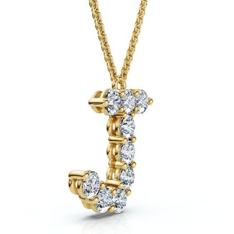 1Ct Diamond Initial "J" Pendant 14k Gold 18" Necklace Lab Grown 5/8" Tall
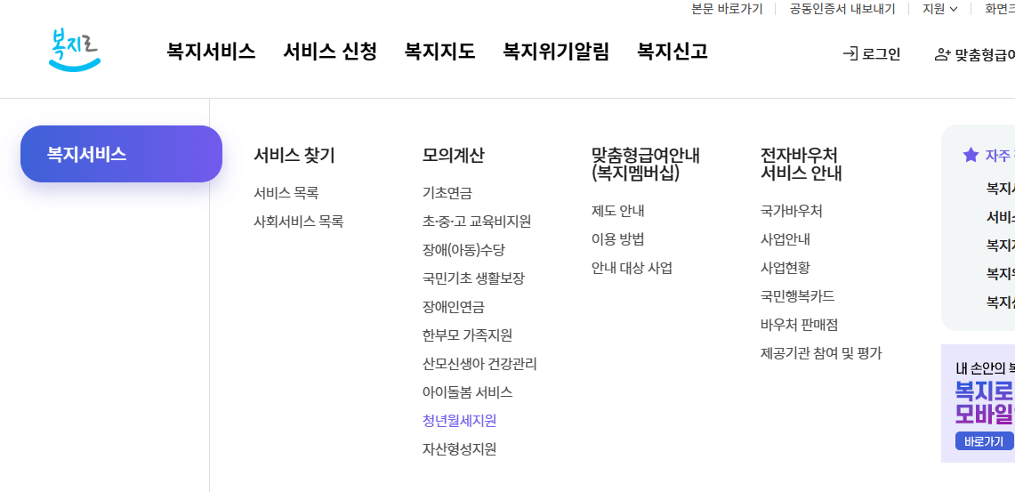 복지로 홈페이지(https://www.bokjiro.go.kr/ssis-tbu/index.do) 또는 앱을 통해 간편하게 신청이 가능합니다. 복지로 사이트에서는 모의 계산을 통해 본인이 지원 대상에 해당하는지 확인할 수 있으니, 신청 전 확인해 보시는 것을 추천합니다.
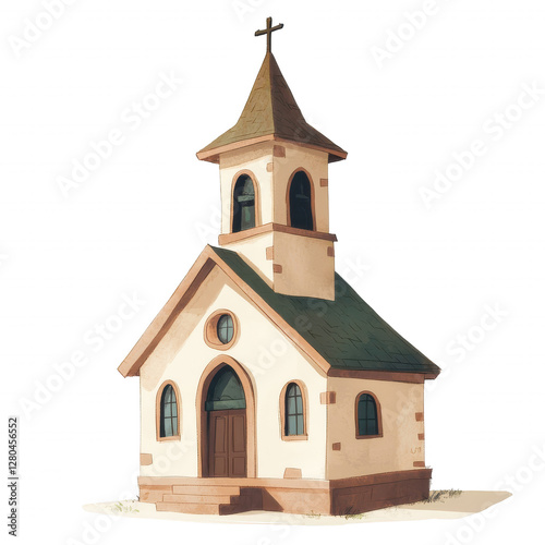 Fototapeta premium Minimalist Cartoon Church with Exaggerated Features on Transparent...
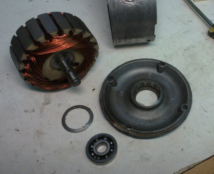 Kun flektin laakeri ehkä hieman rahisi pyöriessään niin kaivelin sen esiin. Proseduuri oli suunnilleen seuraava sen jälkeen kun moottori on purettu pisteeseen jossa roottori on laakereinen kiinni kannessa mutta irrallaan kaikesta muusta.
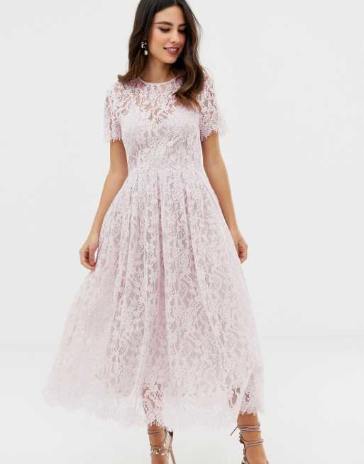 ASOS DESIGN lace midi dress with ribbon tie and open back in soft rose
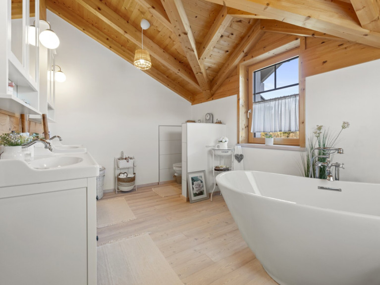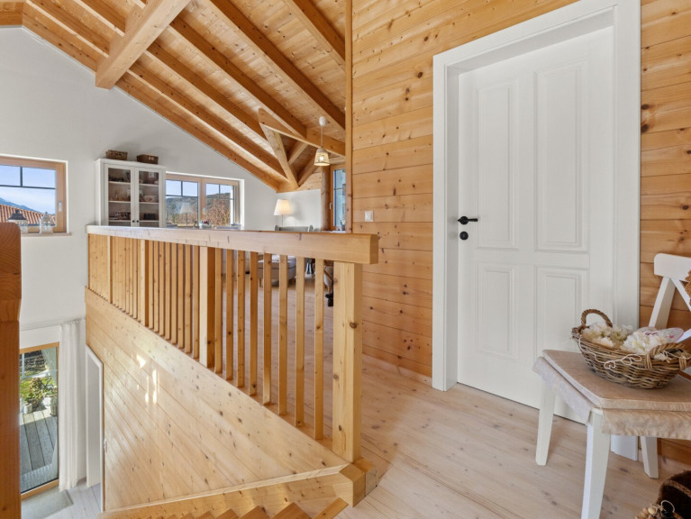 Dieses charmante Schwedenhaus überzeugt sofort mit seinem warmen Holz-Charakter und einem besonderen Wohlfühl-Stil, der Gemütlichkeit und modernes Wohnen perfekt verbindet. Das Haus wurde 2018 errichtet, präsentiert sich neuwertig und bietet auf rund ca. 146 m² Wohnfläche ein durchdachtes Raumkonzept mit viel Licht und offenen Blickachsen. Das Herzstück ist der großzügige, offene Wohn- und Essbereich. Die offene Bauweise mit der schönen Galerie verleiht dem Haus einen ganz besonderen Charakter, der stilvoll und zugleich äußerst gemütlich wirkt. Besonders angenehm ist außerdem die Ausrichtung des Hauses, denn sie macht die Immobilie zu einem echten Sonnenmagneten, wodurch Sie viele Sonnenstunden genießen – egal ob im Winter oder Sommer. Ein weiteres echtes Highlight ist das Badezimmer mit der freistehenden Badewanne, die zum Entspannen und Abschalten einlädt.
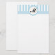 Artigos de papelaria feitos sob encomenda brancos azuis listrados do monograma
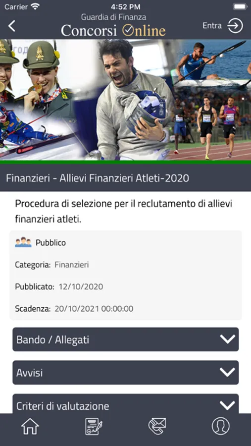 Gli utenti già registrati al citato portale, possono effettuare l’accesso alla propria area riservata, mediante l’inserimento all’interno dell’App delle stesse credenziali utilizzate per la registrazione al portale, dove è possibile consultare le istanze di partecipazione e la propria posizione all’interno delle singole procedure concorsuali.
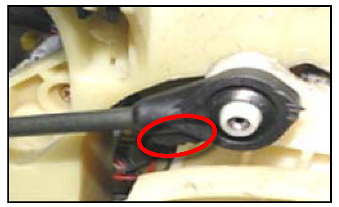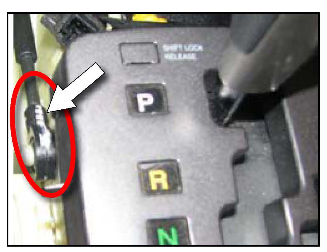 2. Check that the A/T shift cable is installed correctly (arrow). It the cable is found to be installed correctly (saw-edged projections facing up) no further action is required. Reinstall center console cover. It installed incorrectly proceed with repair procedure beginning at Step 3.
...
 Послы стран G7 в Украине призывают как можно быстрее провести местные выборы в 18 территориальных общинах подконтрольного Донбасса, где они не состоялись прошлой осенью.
--
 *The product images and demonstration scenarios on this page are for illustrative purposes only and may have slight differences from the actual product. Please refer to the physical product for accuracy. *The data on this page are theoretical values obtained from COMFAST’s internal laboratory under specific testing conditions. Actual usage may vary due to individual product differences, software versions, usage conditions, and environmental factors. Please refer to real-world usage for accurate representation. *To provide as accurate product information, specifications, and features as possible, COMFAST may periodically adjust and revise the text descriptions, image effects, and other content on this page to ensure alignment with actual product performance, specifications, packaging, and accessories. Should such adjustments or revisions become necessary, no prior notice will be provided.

Exercise requirements
When copying from the data above, begin at the line containing "1Ct Diamond Initial" and end at the line containing "ASOS DESIGN lace"; return those lines exactly and leave all pictures behind.

Final answer
 1Ct Diamond Initial "J" Pendant 14k Gold 18" Necklace Lab Grown 5/8" Tall
 복지로 홈페이지(https://www.bokjiro.go.kr/ssis-tbu/index.do) 또는 앱을 통해 간편하게 신청이 가능합니다. 복지로 사이트에서는 모의 계산을 통해 본인이 지원 대상에 해당하는지 확인할 수 있으니, 신청 전 확인해 보시는 것을 추천합니다.
 Fototapeta premium Minimalist Cartoon Church with Exaggerated Features on Transparent...
 Kun flektin laakeri ehkä hieman rahisi pyöriessään niin kaivelin sen esiin. Proseduuri oli suunnilleen seuraava sen jälkeen kun moottori on purettu pisteeseen jossa roottori on laakereinen kiinni kannessa mutta irrallaan kaikesta muusta.
 ASOS DESIGN lace midi dress with ribbon tie and open back in soft rose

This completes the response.